Giuseppina Manin, Corriere della Sera, 6/6/2009, 6 giugno 2009
SUOR MARIE, UGOLA DIVINA
«Era una chiesa bizantina. Scura, piena di candele. Un’atmosfera misteriosa, come si conviene di Settimana Santa. D’un tratto quelle voci... Un canto che pareva il paradiso. Avevo sette anni, non avevo mai ascoltato niente di più bello. Strinsi la mano di mia madre, mi unii al coro. E mi trovai di colpo anch’io tra gli angeli. Decisi che avrei votato la mia voce a Dio».
Colpita da doppia vocazione in simultanea, la piccola Marie Keyrouz, libanese di fede cristiano-maronita, vide in quel momento tutta la sua vita: avrebbe cantato e sarebbe diventata suora.
«Un doppio modo per render lode al Signore. Cantando si prega due volte», assicura al telefono da Parigi, dove vive in un convento, Soeur Marie Keyrouz, religiosa delle Basiliensi, musicologa diplomata alla Sorbona, fondatrice e presidente dell’Istituto Internazionale di Canto Sacro della capitale francese. Ma soprattutto interprete magnifica di un repertorio ecumenico, che unisce in un sincretismo ispirato alle origini del Cristianesimo, musica sacra d’Occidente e canti maroniti, bizantini, siriaci, ambrosiani...
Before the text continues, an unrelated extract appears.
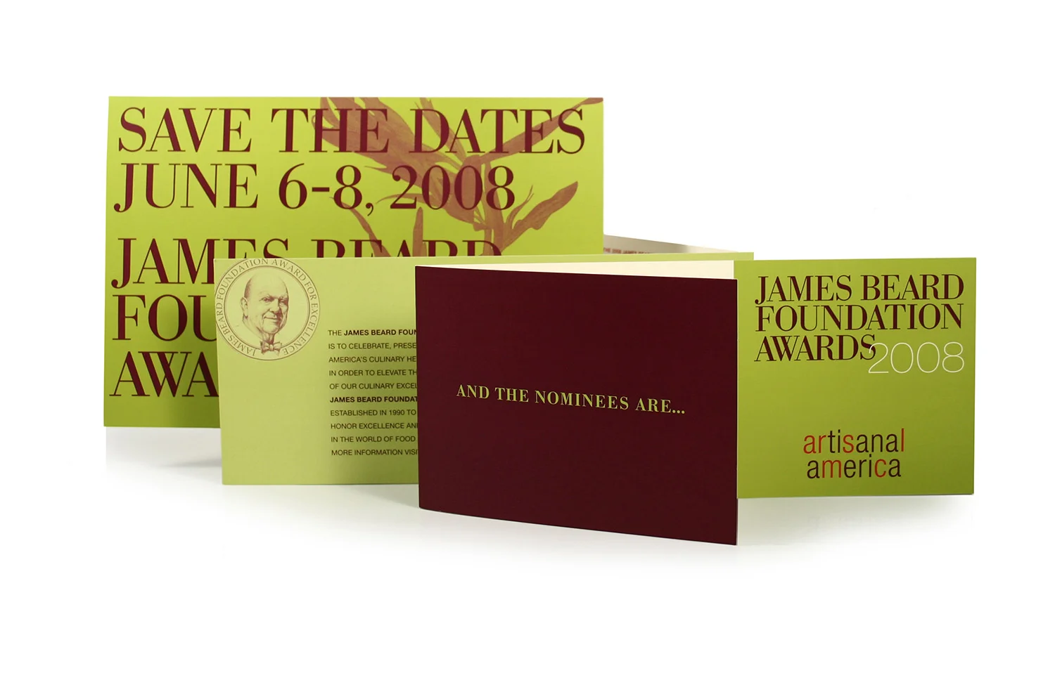 For three consecutive years, Florio Design conceived, designed, and implemented the event branding for The James Beard Foundation Awards. This event, often referred to as the Oscars of the food world, attracts a national group of top chefs vying for the coveted JBF award medals. Florio Design created the graphic directions and implemented each unique application for the award evening. From invitations and websites, to event signage, menus, and collateral, ads and animated billboards, the themes changed each year and with a modest budget, challenged our creativity. Proudly, we were able create a memorable brand for this prestigious award show.

Suor Marie li ha imparati uno a uno, in un crescendo estatico di passione e gioia. «Il canto è un ponte tra Dio e gli uomini. Ma cantare a Dio senza emozionarsi non ha senso », assicura. Prima da sola, poi con il suo gruppo, l’Ensemble de la Paix, composto da musicisti e coristi di religioni e nazionalità diverse.
«Dio è musica e tutta la musica è sacra – sostiene ”. Non solo quella religiosa. Mozart e tanti altri compositori fanno parte di quell’apogeo di bellezza divina. Ma il canto coinvolge la voce, lo strumento primo dell’uomo. Il canto è la Parola perfetta, uno stato di grazia che ancora oggi, dopo tanti anni, affronto ogni volta con i palpiti di una debuttante. Proprio come allora, a sette anni».
Chissà cosa disse sua madre. «Amava moltissimo cantare anche lei. Capì subito la mia passione. Anche se in cuor suo forse sperava per sua figlia un futuro più tradizionale, un marito, dei figli... Oggi però è molto contenta di quel che sono».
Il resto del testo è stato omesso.